# Headlight suggestions?



## MadeInUSA (Apr 17, 2015)

I am a new Routan owner looking to get new, brighter headlights. Any suggestions?


----------



## Mr.VeDub (Apr 3, 2015)

eBay has OEM HID projectors


----------



## CDJackson (Feb 28, 2013)

It's cheaper and easier just to replace the stock bulbs with whiter/brighter aftermarket bulbs like Sylvania Silverstars or the Philips equivalent. I just swapped out our stock headlight bulbs with Silverstars and there is a noticeable (if not dramatic) improvement over the stock halogens.


----------



## jettafock (Mar 11, 2004)

Can you use any Caravan or T&C OEM HIDs in the Routan? And are they all plug n play?


----------



## DynomiteTT (Jan 10, 2007)

jettafock said:


> Can you use any Caravan or T&C OEM HIDs in the Routan? And are they all plug n play?

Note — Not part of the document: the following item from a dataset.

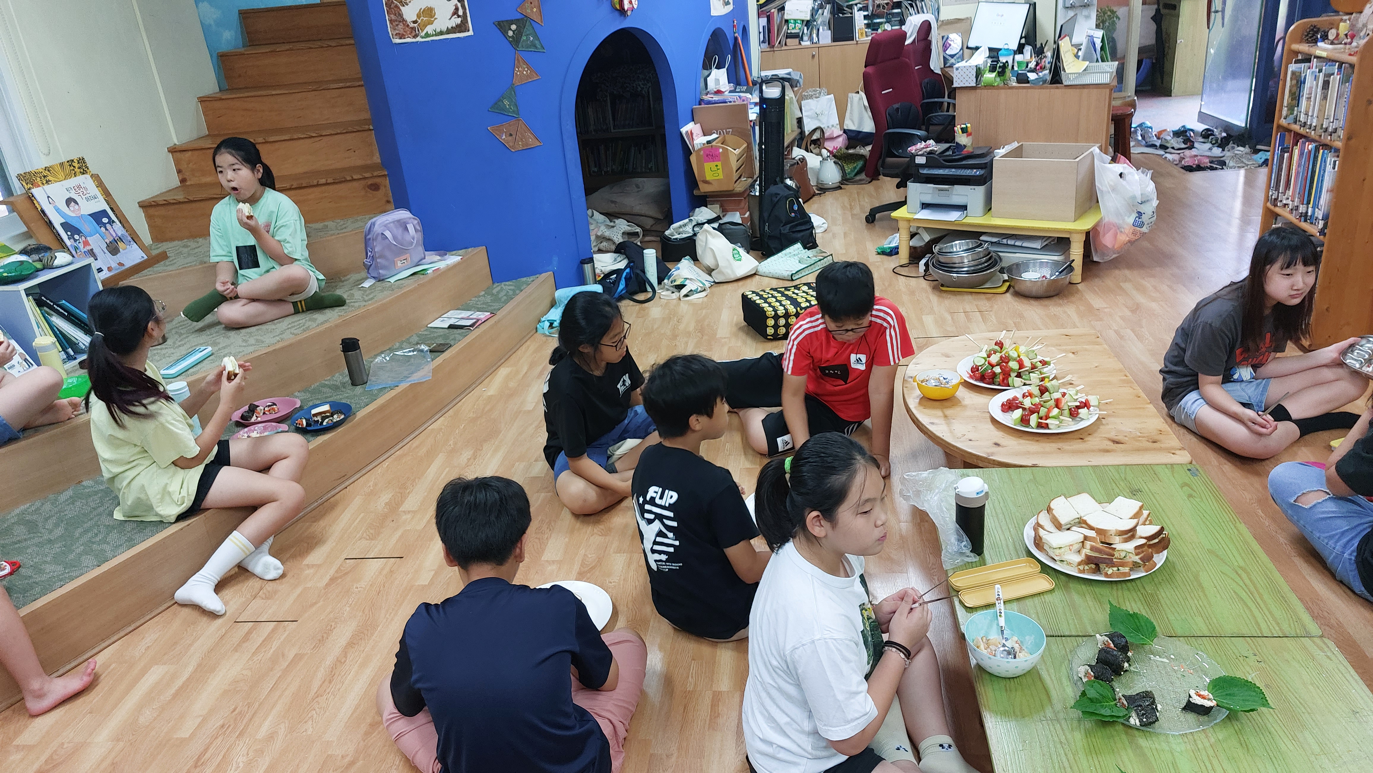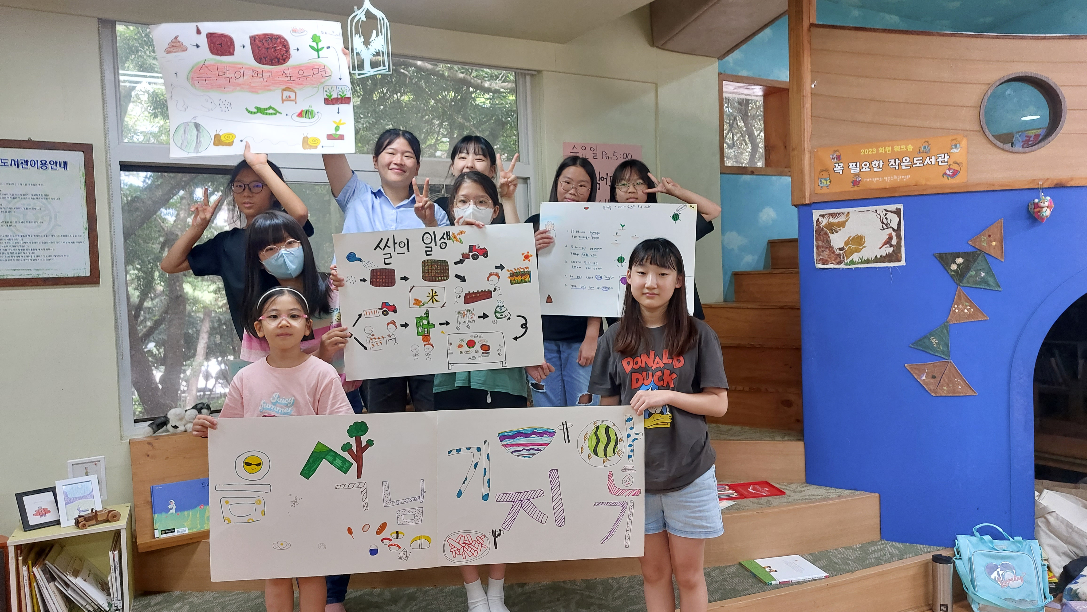 방학 시작과 동시에 설문대어린이도서관에 온 아이들.

I'd like to know this too, considering getting an R/T and only the high end T&C came with HIDs.


----------



## jettafock (Mar 11, 2004)

Also dos anyone now the part numbers for the T&C or caravan HIDs?


----------



## nater (Apr 10, 2000)

jettafock said:


> Can you use any Caravan or T&C OEM HIDs in the Routan? And are they all plug n play?





DynomiteTT said:


> I'd like to know this too, considering getting an R/T and only the high end T&C came with HIDs.

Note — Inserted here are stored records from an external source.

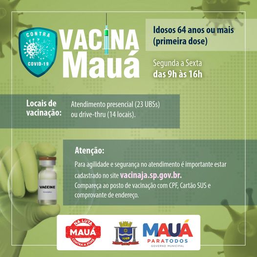 Nesta sexta-feira, das 9h às 16h, Mauá começa a vacinar com a primeira dose contra o coronavírus os idosos de 64 anos. A imunização será feita nas 23 Unidades Básicas de Saúde (UBSs), e em 14 delas será no sistema drive-thru, de segunda a sexta. Até está terça-feira, Mauá já havia aplicado 69.764 doses da vacina contra o coronavírus. 45.109 receberam pessoas a primeira dose e 24.655 a segunda.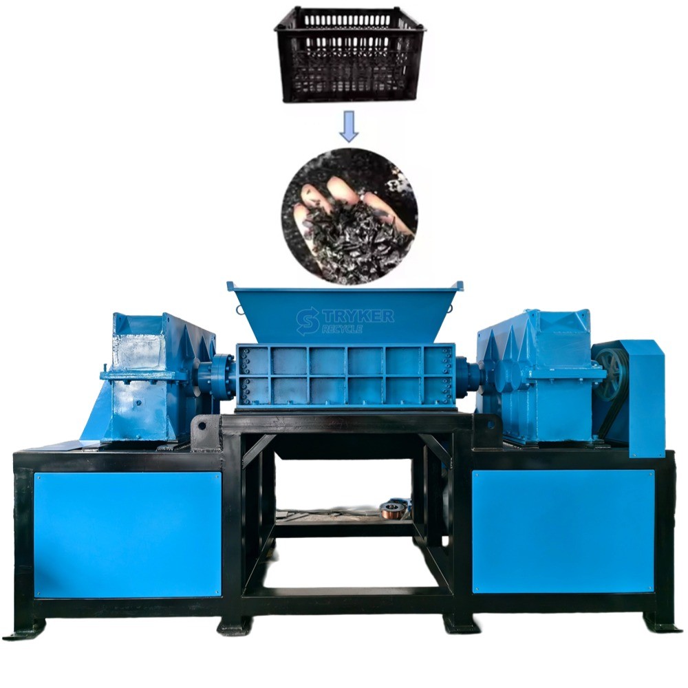 The large double-shaft shredder is designed for heavy industry, mining, construction waste treatment and large recycling enterprises.It adopts double-roller synchronous reverse rotation technology, has super tearing force and wide adaptability.It can efficiently crush high-hardness and large-volume materials such as metal scraps, building concrete, wood, tires, and electronic waste, and achieve material reduction,harmlessness and resource processing.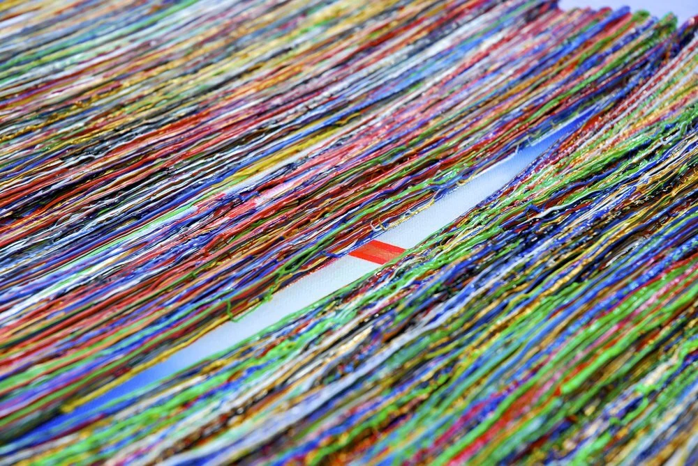 How to be Both is a dual narrative: one strand of which concerns a bereaved teenager in present-day Cambridge and the other is about Francesco del Cossa, a fifteenth century fresco painter. A del Cossa altarpiece in the National Gallery links the two narratives which also merge in many other ways concerning the nature of time, art, grief and gender. The background of my painting is an abstracted nod to this del Cossa painting - with a corraline stripe in an azure sky echoing the fantastical clouds common to such altarpieces. Apparently two versions of the text were published, with differing narratives appearing first. For this reason, in my painting the two stories begin at either end of the canvas and merge in the middle. The painting can be hung either way up.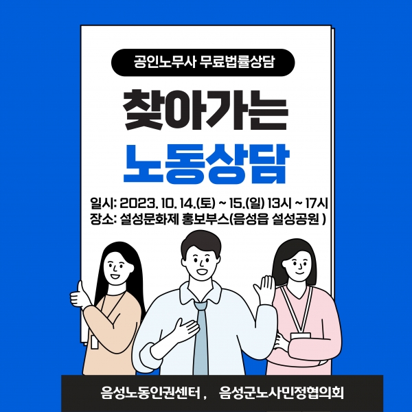 찾아가는 무료 노동상담은 10월 14일~15일 오후 1시에서 오후 5시까지, 설성문화제 홍보관에서 진행되며 근로계약서와 임금명세서를 가지고 오면 보다 정확한 상담을 받을 수 있다.

No. Chrysler lamps are designed completely different. 
As you know, Routan was available with oem hiss:








Chrysler T&C Hids:


----------



## JETwagen (Mar 1, 2002)

Do the HID's need something set in the computer by the dealer?


----------



## nater (Apr 10, 2000)

I don't believe so


----------



## routan2010se (Jun 17, 2013)

Does no one read stickys anymore 

http://forums.vwvortex.com/showthread.php?6088912-DIY-Routan-Halogen-to-HID-OEM-Mod


----------